Nick Cave is on the cover of the new issue of Uncut, on sale today – August 19, 2021.

In the issue, we trace the secret history of Cave and the Bad Seeds via their new album B-Sides & Rarities Part II and uncover a treasure trove of lost songs, near-forgotten gems and sundry sonic outcasts.

Cave himself, along with assorted Bad Seeds, guides us through a personal selection of the ones that got away. Many of these songs were originated during sessions for their most recent albums, Skeleton Tree and Ghosteen, as the band have grappled with new creative directions and working practises.

Cave and The Bad Seeds will release B-Sides & Rarities Part II on October 22. This is the companion volume to 2005’s B-Sides & Rarities. It will be available on double vinyl, double CD, deluxe double CD and all digital platforms.

B-Sides & Rarities Part I and Part II will also be released together as a limited edition deluxe 7 vinyl box set including 83 rare tracks and exclusive sleeve notes.

All compiled by Nick Cave and Warren Ellis, B-Sides & Rarities Part II contains 27 rare and unreleased tracks from 2006 – 2020.

You can hear a previously unreleased song “Vortex” here:

Taken from B-Sides & Rarities Part II, “Vortex” was written and recorded in 2006 by Cave, Ellis, Martyn Casey and Jim Sclavunos.

“I always liked the original B-Sides & Rarities more than any of our other albums,” says Cave. “It’s the only one I’d listen to willingly. It seems more relaxed, even a bit nonsensical in places, but with some beautiful songs throughout. There is something, too, about the smallness of certain songs that is closer to their original spirit.
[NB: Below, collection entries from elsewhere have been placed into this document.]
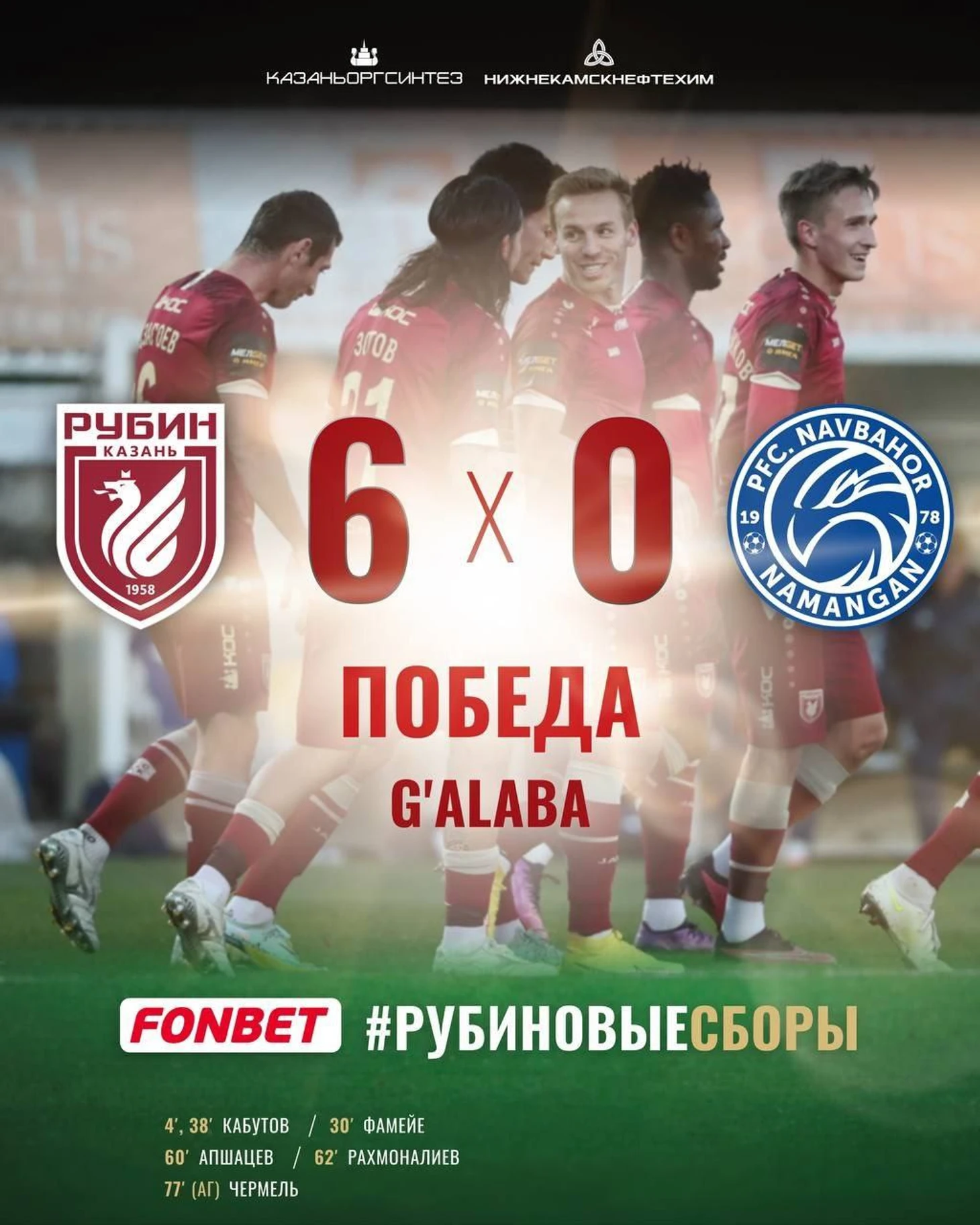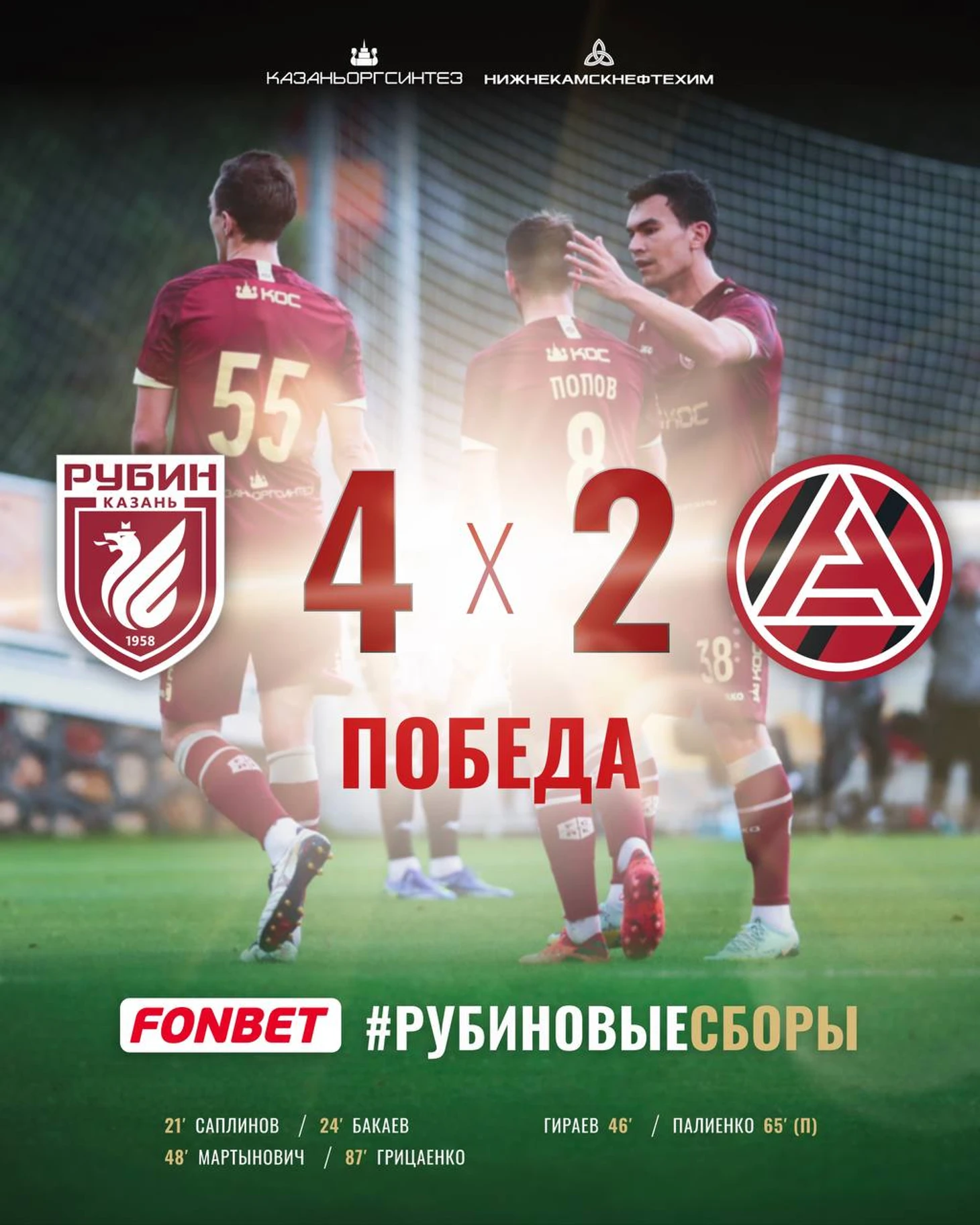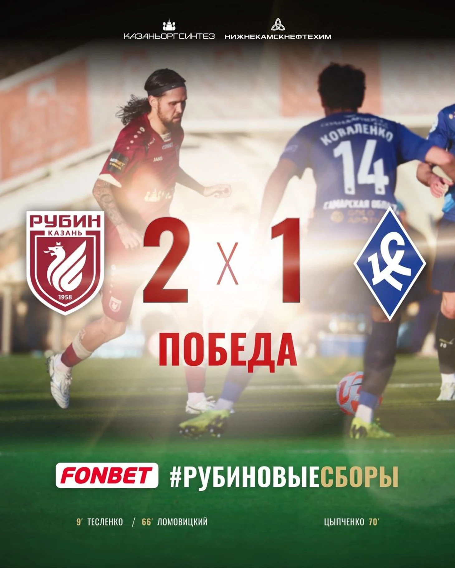 Сборы ещё не завершены, впереди Рубин ожидает еще 5 соперников, 2 из которых являются Цска и Ахмат. После ухода Леонида Слуцкого, команда выглядит очень спело и надежно, от чего кажется, что этот рубин остановить сможет только сам рубин, что показывает их серия из 7 побед подряд, над совершенно разными соперниками.
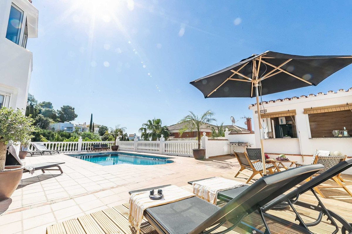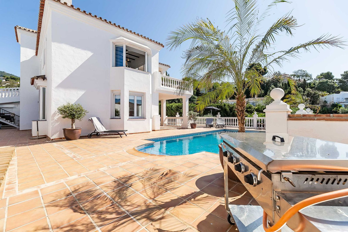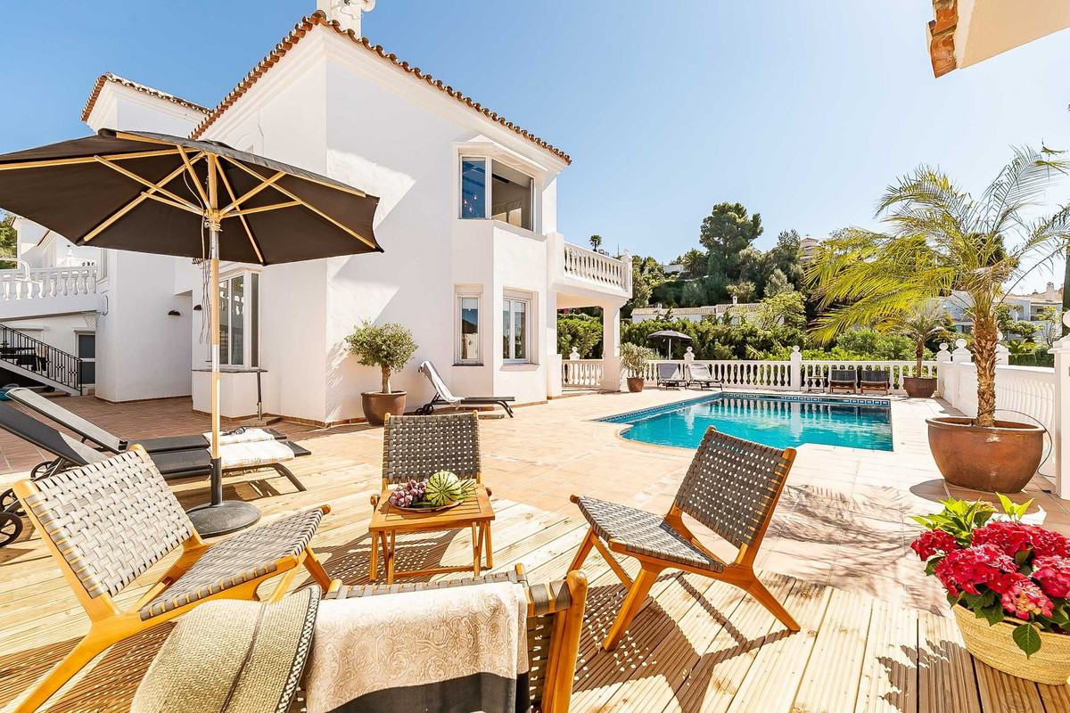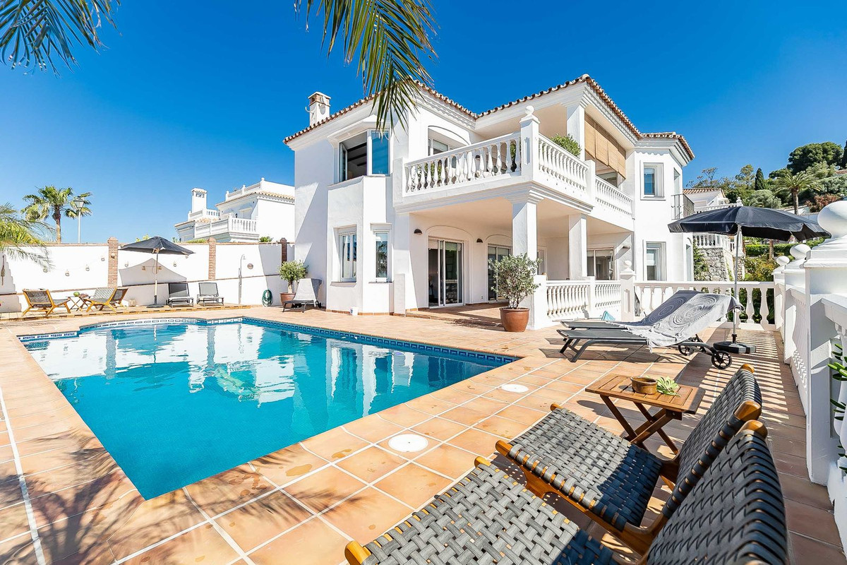 Fristående villa, Mijas, Costa del Sol. 4 Sovrum, 5 Badrum, Storlek 369 m², Terrass 51 m², Garden/Plot 906 m². Läge : Nära till affärer, Urbanisation. Väderstreck : Söder, Sydväst, Väst. Skick : Perfekt, Nyligen ombyggt. Pool : Privat pool. Klimatkontroll : Luftkonditionering, Varm A / C, Kall A / C. Utsikt : Havsutsikt, Bergsutsikt, Panorama utsikt, Trädgårdsutsikt, Utsikt pool. Egenskaper : Täckt terrass, Inbyggda garderober, Nära transport, Privat terrass, WiFi, Förrråd, Tvättstuga, Eget badrum, Jacuzzi, Grillplats, Dubbelglas. Möblering : Delvis möblerad. Kök : Fullt utrustad. Trädgård : Privat, Lätt underhåll trädgård. Säkerhet : Elektriska persienner, Larmsystem. Parkering : Garage, Privat parkering. El, vatten, gas o telefon : Elektricitet, Drickbart vatten. Kategori : Investering, Lyx.
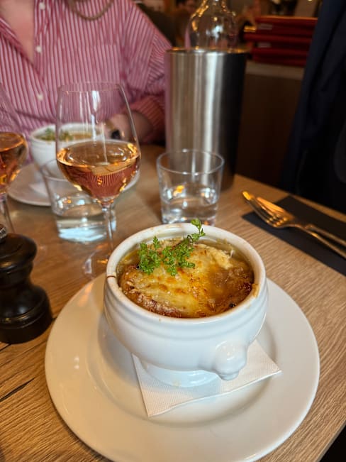 Hello, Thank you so much for your wonderful compliment! We’re thrilled to hear that our onion soup was the best you’ve ever had. We look forward to welcoming you again soon at Le Bistrot des Fables. Best regards, The Le Bistrot des Fables
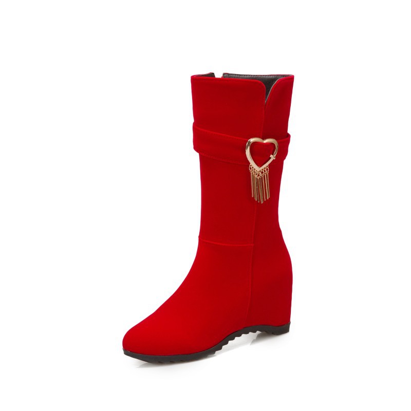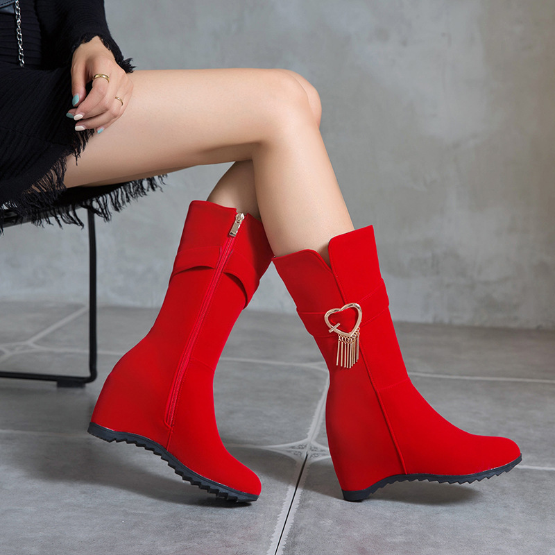 Large Size Red Women's Boots Autumn And Winter Korean Style Wedge Heels With Mid-calf Boots Women's Wedding Boots Bridal Boots4854

“B-Sides & Rarities Part II continues this strange and beautiful collection of lost songs from The Bad Seeds. I love the final side of the last disc because it reveals the small and fragile beginnings of some of my favourite Bad Seeds songs. ‘Waiting For You‘ complete with bizarre ‘canning factory’ rhythm track, a gorgeous ‘Life Per Se‘ deemed too sad for Skeleton Tree, and ‘Earthlings’ that some consider the finest track of the Ghosteen sessions.”

You can pre-order B-Sides & Rarities Part I and Part II by clicking here.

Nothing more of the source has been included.